Friday, October 31, 2014

Pew “POLITICAL POLARIZATION & MEDIA HABITS” Survey Results Distorted by Skewed Questions

According to the “Ideological Placement of Each Source’s Audience” graph, the “[a]verage ideological placement on a 10-point scale of ideological consistency of those who got news from each source in the past week….” for Fox News on the conservative side and MSNBC and CNN on the liberal side are roughly equal, which feels intuitively okay. But Breitbart, Rush Limbaugh Show, The Blaze, Sean Hannity Show, and Glenn Beck Program equidistant from ground zero with New Yorker and Slate? This led me to look at the questions, and this is what I found.

But if the Conservative position is “Government is almost always wasteful and inefficient,” shouldn’t the liberal position be “Government is almost always useful and efficient” or something of the sort? If the Conservative position is “Government regulation of business usually does more harm than good,” shouldn’t the liberal position be “Government regulation of business usually does more good than harm”?

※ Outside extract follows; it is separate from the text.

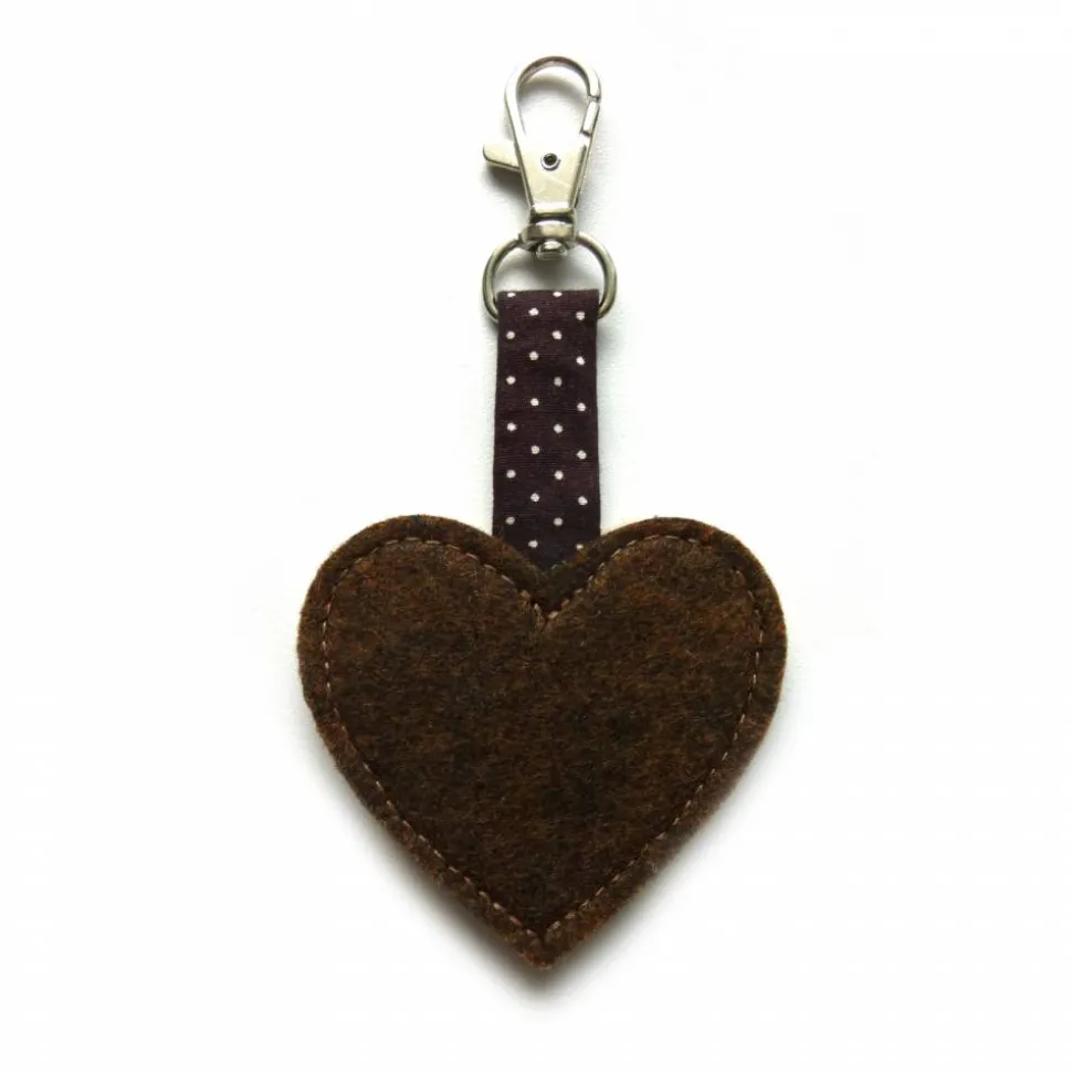 Der Anhänger hängt mit einem braunen Baumwollstoff mit weißen Pünktchen an einem Karabiner.

And so on. You can modify the conservative positions to make them symmetrical with the liberal positions, but the point remains the same: Maybe I’m missing something or making a huge mistake here, but the dividing line between “conservative” and “liberal” in the Pew survey seems to be clearly skewed to the right. Now, I do not think that Pew has a hidden ideological agenda here. Rather, this is a reflection of public discourse landscape in the United States today.


In any case, it’s always useful to look at the data behind the graph, and how that data is collected.